(Stored items from a collection)
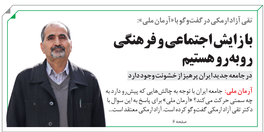
تقی آزادارمکی در گفت و گو با «آرمان ملی»:

ظریف در پاسخ به پرسش «آرمان ملی»: بعید است توافقی بهتر از برجام به دست آید
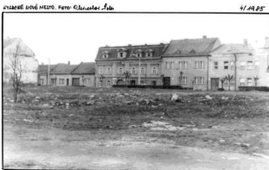
64. Dolná ulica – severovýchodné fasády, asanovaná východná časť, Meštiansky dom č.ÚZPF 3609/0 (r.1985)
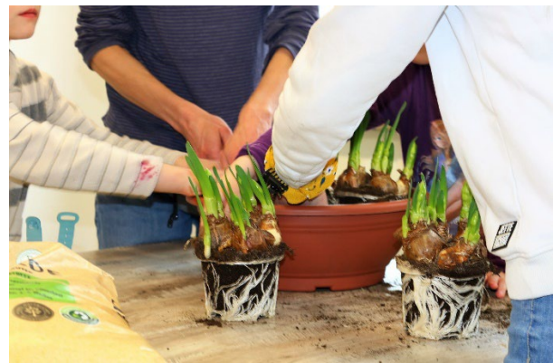
Kreatives Osterfrühstück in den Räumen des MOBILE e.V. in Dortmund.
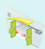
Plegadiza hacia fuera
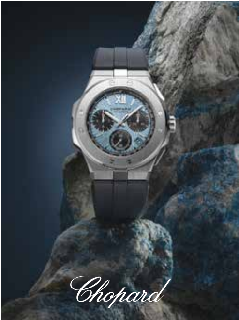
Chopard watch. 「蕭邦」腕錶。

台灣市場將充滿挑戰，因當地消費者亦積極前往日本旅遊，由於日元疲弱及給予旅客退稅，致使其名貴商品之零售價較台灣顯著便宜。
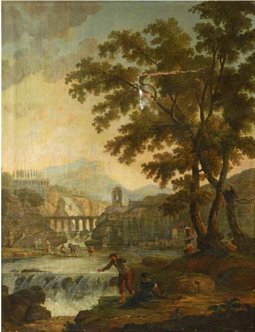
46 Vernet Claude Joseph (1714-1789), suite de Pêcheur à Tivoli Huile sur toile. H. 185 – L. 141,5 cm (Accident en haut à droite)
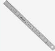
Regla Semiflexible 6"/150 mm
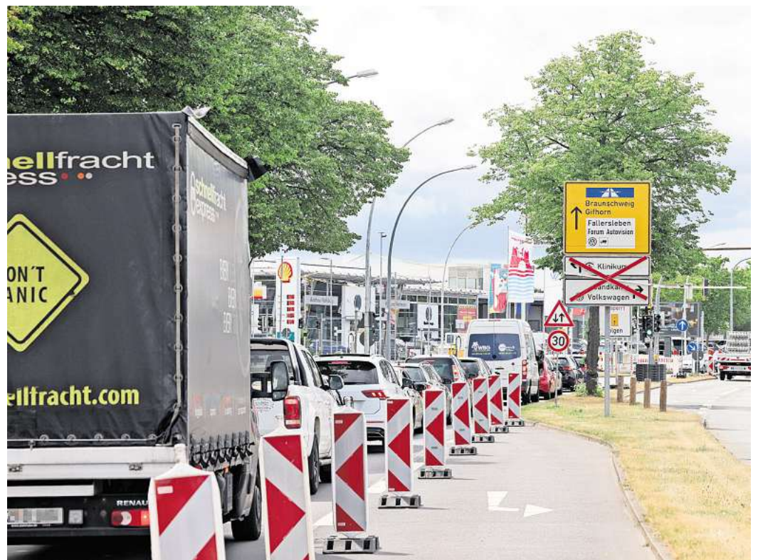
Bereits im vergangenen Sommer wurde ein Abschnitt der Heinrich-Nordhoff-Straße während der Ferien saniert.

Aus der Ratsvorlage zur Deckensanierung geht aber zumindest hervor, dass sowohl die Lessingstraße als auch der Schachtweg in dieser Zeit von Osten kommend nicht angefahren werden können. Der Verkehr soll über die Saarstraße umgeleitet werden.
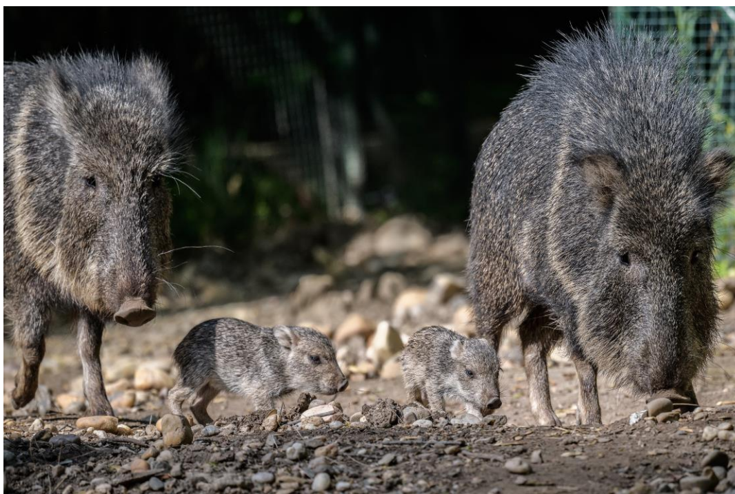
Foto 3: Ohrožený pekari Wagnerův byl popsán nejprve z fosilního záznamu a až do roku 1971 považován za vyhynulý druh.

Celkem se v Zoo Praha za rok 2019 (zcela přesně tedy do odpoledne 31. prosince) narodilo či vylíhlo 1176 mláďat 214 druhů savců, ptáků a plazů. Některá se vzápětí dostala do popředí zájmu médií i veřejnosti – jako například sameček lachtana jihoafrického nebo mláďata lemurů kata –, zatímco jiná zůstala poněkud v pozadí. Přitom mnohé z těchto odchovů jsou z odborného a ochranářského hlediska velice hodnotné. Příkladem mohou být dvě mláďata pekari Wagnerova narozená 4. května 2019. Početnost tohoto druhu čítá v přírodě nanejvýš několik tisíc jedinců a v Evropě ho chová pouze sedm institucí v počtu 45 jedinců, přičemž pravidelné odchovy se daří jen v Tierparku Berlin. Narození pražských mláďat přitom přišlo jen pár měsíců poté, co desítky pekariů v paraguayské chovné stanici podlehly doposud neznámé smrtící chorobě, která patrně sužuje i volně žijící populaci.
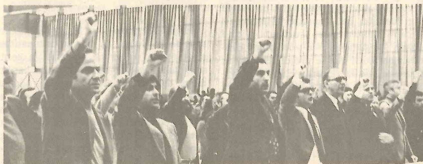
Les congressistes répondant au salut de Pliouchtch.
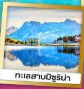
ทะเลสาบมิซูรีน่า
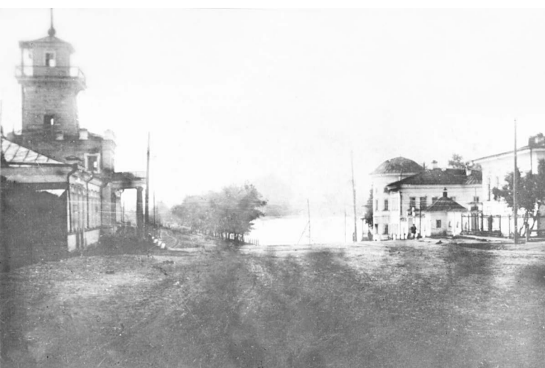
Вид на Господский дом, 1910 год.

Вот уже почти два века левый берег Режевского пруда украшает интересный по архитектуре Господский дом. Назывался он так, потому что предназначался для проживания приказчиков, управляющих и иного заводского начальства. Дом заводоуправителя в Реже был построен в первой половине XIX века при Алексее Яковлеве, внуке Саввы Яковлева. Архитектором этого здания был Степан Багряцев.
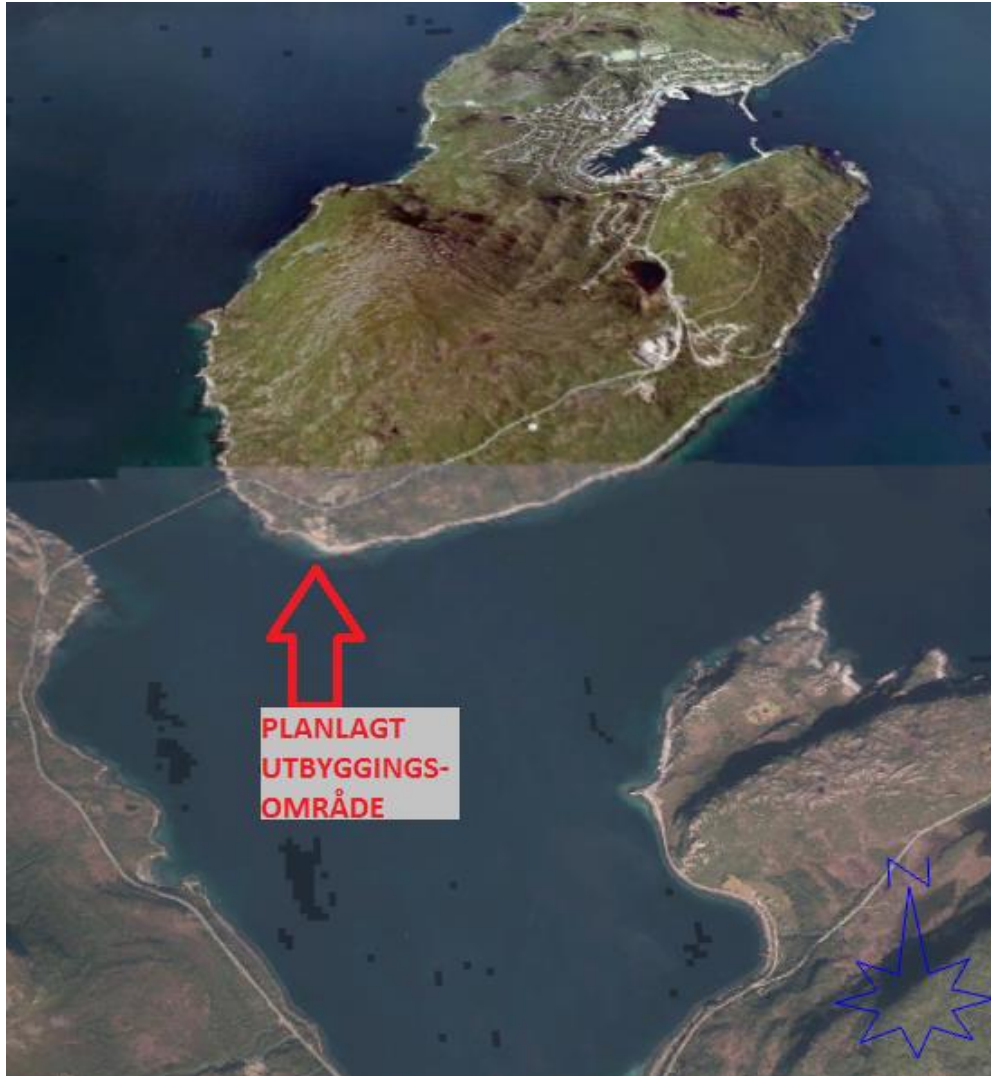
Figur 2. Lokalisering av planlagt utbyggingsområde

Reguleringen skal legge til rette for oppføring av et større settefiskanlegg for mer enn fem millioner settefisk på deler av området, mens området vest for den eksisterende adkomstvei til grustaket i sin helhet reguleres til havbruksrelatert industri.
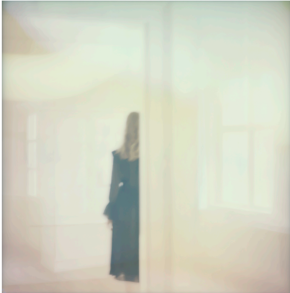
THE SHIFTING MEMORIES
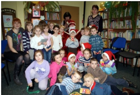
Przedkolaki na zajęciach w bibliotece
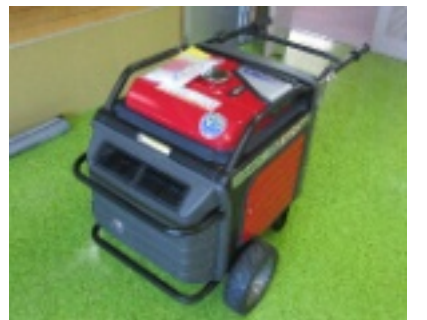
今回納入された発電機。移動も楽に行えるようになっていきます。

心と園の非常用発電機は今回の納入により4台、また投光器が2台となりまして。昨年9月の胆振東部沖地震に伴う、北海道全域の停電は記憶に新しいところですが。心と園では施設の非常災害対策計画のもと、非常災害時の体制整備を今後も継続して行っていく予定です。
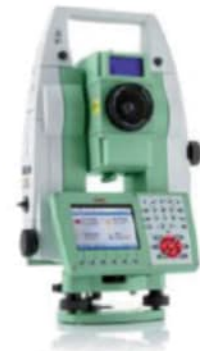
Figuur 5.6 / Robotic total station, RTS.

Foto 1 en 2: Prisma's (links) en robotic total stations.
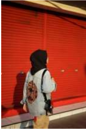
Gambar 1. Dekonstruksi Tenun Pada Denim
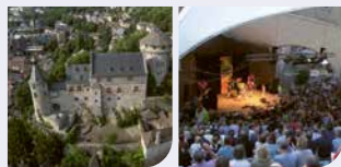
Stadt Stolberg 57.608 Stadt Würselen 40.202

Einwohnerzahlen: Quelle: IT.NRW - Stand 30.06.2025
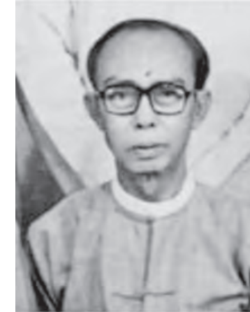
ရန်နိုင်စိန်
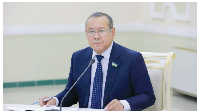
Улуғбек ИНОЯТОВ, Олий Мажлис Қонунчилик палатаси Спикери ўринбосари, Ўзбекистон Халқ демократик партияси Марказий Кенгаши раиси.

ДУНЁ ИЛМ-ФАНИ РИВОЖЛАНИШНИНГ ЯНГИ БОСҚИЧЛАРИГА ҚАДАМ ҚўЯЁТГАН, ТАЪБИР ЖОИЗ БЎЛСА, СУНЪИЙ ИДРОК ҲАЁТИМИЗНИНГ БАРЧА ЖАБҲАСИГА ФАОЛ КИРИБ ҚЕЛАЁТГАН АЙНИ ПАЛЛАДА АГРАР ДАВЛАТ ФАКОМИНИ БЎЙИНГА ОЛИБ ЯШАШ ТАРАҚҚИЁТГА ИНТИЛАДИГАН МАМЛАКАТГА МУНОСИБ ҲОЛАТ ЭМАС. МАНА ШУ ҲАЁТИЙ ЗАРУРАТНИ ЎЗ ВАҚТИДА АНГЛАБ, КАДРЛАР ТАЙЁРЛАШ ЎЗАНИНИ ЗАМОНАВИЙ ТАЛАБЛАРГА ЙЎНАЛТИРМАГАН ДАВЛАТ ҲАМ, ОЛИЙ ТАЪЛИМ ТИЗИМИ ҲАМ, ЖАМИЯТ ҲАМ МУҚАРРАР ЮТҚАЗАДИ.
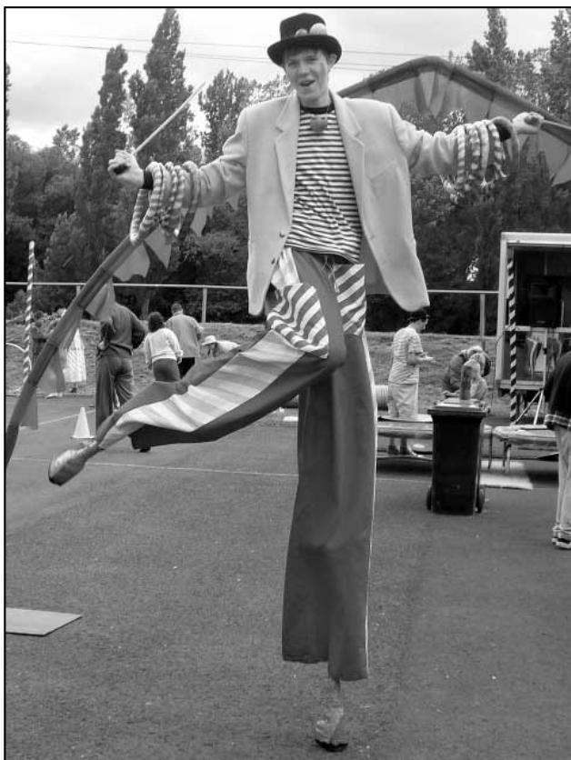
Dětský den přinesl opravdu vyžití!

S mích, radost, hudba, spousta atrakcí, sladkostí a sluníčko - to patří k oslavám Dne dětí, které se za velké účasti dětí i dospělých konaly v neděli 7. 6. 2009 v prostorách hájského fotbalového hřiště. Všechna lákadla děti využily v plné míře s radostí jim vlastní. Od tradičních atrakcí, jako je skákač gumový hrad, kde se metala salta a kotrmelce, až k novinkám typu moucha: tuto velice zábavnou nafukovací atrakci, jejímž principem je ve speciálním obleku vylézt jako moucha po zdi na vrchol, mohly děti zdolávat hlavou nahoru či dolů. Vše záleželo na jejich šikovnosti, jakou má jen „moucha“.

» Work required
Reproduce each entry precisely; the pictures stay out.

» Solution for this problem
تقی آزادارمکی در گفت و گو با «آرمان ملی»:

ظریف در پاسخ به پرسش «آرمان ملی»: بعید است توافقی بهتر از برجام به دست آید
64. Dolná ulica – severovýchodné fasády, asanovaná východná časť, Meštiansky dom č.ÚZPF 3609/0 (r.1985)
Kreatives Osterfrühstück in den Räumen des MOBILE e.V. in Dortmund.
Plegadiza hacia fuera
Chopard watch. 「蕭邦」腕錶。

台灣市場將充滿挑戰，因當地消費者亦積極前往日本旅遊，由於日元疲弱及給予旅客退稅，致使其名貴商品之零售價較台灣顯著便宜。
46 Vernet Claude Joseph (1714-1789), suite de Pêcheur à Tivoli Huile sur toile. H. 185 – L. 141,5 cm (Accident en haut à droite)
Regla Semiflexible 6"/150 mm
Bereits im vergangenen Sommer wurde ein Abschnitt der Heinrich-Nordhoff-Straße während der Ferien saniert.

Aus der Ratsvorlage zur Deckensanierung geht aber zumindest hervor, dass sowohl die Lessingstraße als auch der Schachtweg in dieser Zeit von Osten kommend nicht angefahren werden können. Der Verkehr soll über die Saarstraße umgeleitet werden.
Foto 3: Ohrožený pekari Wagnerův byl popsán nejprve z fosilního záznamu a až do roku 1971 považován za vyhynulý druh.

Celkem se v Zoo Praha za rok 2019 (zcela přesně tedy do odpoledne 31. prosince) narodilo či vylíhlo 1176 mláďat 214 druhů savců, ptáků a plazů. Některá se vzápětí dostala do popředí zájmu médií i veřejnosti – jako například sameček lachtana jihoafrického nebo mláďata lemurů kata –, zatímco jiná zůstala poněkud v pozadí. Přitom mnohé z těchto odchovů jsou z odborného a ochranářského hlediska velice hodnotné. Příkladem mohou být dvě mláďata pekari Wagnerova narozená 4. května 2019. Početnost tohoto druhu čítá v přírodě nanejvýš několik tisíc jedinců a v Evropě ho chová pouze sedm institucí v počtu 45 jedinců, přičemž pravidelné odchovy se daří jen v Tierparku Berlin. Narození pražských mláďat přitom přišlo jen pár měsíců poté, co desítky pekariů v paraguayské chovné stanici podlehly doposud neznámé smrtící chorobě, která patrně sužuje i volně žijící populaci.
Les congressistes répondant au salut de Pliouchtch.
ทะเลสาบมิซูรีน่า
Вид на Господский дом, 1910 год.

Вот уже почти два века левый берег Режевского пруда украшает интересный по архитектуре Господский дом. Назывался он так, потому что предназначался для проживания приказчиков, управляющих и иного заводского начальства. Дом заводоуправителя в Реже был построен в первой половине XIX века при Алексее Яковлеве, внуке Саввы Яковлева. Архитектором этого здания был Степан Багряцев.
Figur 2. Lokalisering av planlagt utbyggingsområde

Reguleringen skal legge til rette for oppføring av et større settefiskanlegg for mer enn fem millioner settefisk på deler av området, mens området vest for den eksisterende adkomstvei til grustaket i sin helhet reguleres til havbruksrelatert industri.
THE SHIFTING MEMORIES
Przedkolaki na zajęciach w bibliotece
今回納入された発電機。移動も楽に行えるようになっていきます。

心と園の非常用発電機は今回の納入により4台、また投光器が2台となりまして。昨年9月の胆振東部沖地震に伴う、北海道全域の停電は記憶に新しいところですが。心と園では施設の非常災害対策計画のもと、非常災害時の体制整備を今後も継続して行っていく予定です。
Figuur 5.6 / Robotic total station, RTS.

Foto 1 en 2: Prisma's (links) en robotic total stations.
Gambar 1. Dekonstruksi Tenun Pada Denim
Stadt Stolberg 57.608 Stadt Würselen 40.202

Einwohnerzahlen: Quelle: IT.NRW - Stand 30.06.2025
ရန်နိုင်စိန်
Улуғбек ИНОЯТОВ, Олий Мажлис Қонунчилик палатаси Спикери ўринбосари, Ўзбекистон Халқ демократик партияси Марказий Кенгаши раиси.

ДУНЁ ИЛМ-ФАНИ РИВОЖЛАНИШНИНГ ЯНГИ БОСҚИЧЛАРИГА ҚАДАМ ҚўЯЁТГАН, ТАЪБИР ЖОИЗ БЎЛСА, СУНЪИЙ ИДРОК ҲАЁТИМИЗНИНГ БАРЧА ЖАБҲАСИГА ФАОЛ КИРИБ ҚЕЛАЁТГАН АЙНИ ПАЛЛАДА АГРАР ДАВЛАТ ФАКОМИНИ БЎЙИНГА ОЛИБ ЯШАШ ТАРАҚҚИЁТГА ИНТИЛАДИГАН МАМЛАКАТГА МУНОСИБ ҲОЛАТ ЭМАС. МАНА ШУ ҲАЁТИЙ ЗАРУРАТНИ ЎЗ ВАҚТИДА АНГЛАБ, КАДРЛАР ТАЙЁРЛАШ ЎЗАНИНИ ЗАМОНАВИЙ ТАЛАБЛАРГА ЙЎНАЛТИРМАГАН ДАВЛАТ ҲАМ, ОЛИЙ ТАЪЛИМ ТИЗИМИ ҲАМ, ЖАМИЯТ ҲАМ МУҚАРРАР ЮТҚАЗАДИ.
Dětský den přinesl opravdu vyžití!

S mích, radost, hudba, spousta atrakcí, sladkostí a sluníčko - to patří k oslavám Dne dětí, které se za velké účasti dětí i dospělých konaly v neděli 7. 6. 2009 v prostorách hájského fotbalového hřiště. Všechna lákadla děti využily v plné míře s radostí jim vlastní. Od tradičních atrakcí, jako je skákač gumový hrad, kde se metala salta a kotrmelce, až k novinkám typu moucha: tuto velice zábavnou nafukovací atrakci, jejímž principem je ve speciálním obleku vylézt jako moucha po zdi na vrchol, mohly děti zdolávat hlavou nahoru či dolů. Vše záleželo na jejich šikovnosti, jakou má jen „moucha“.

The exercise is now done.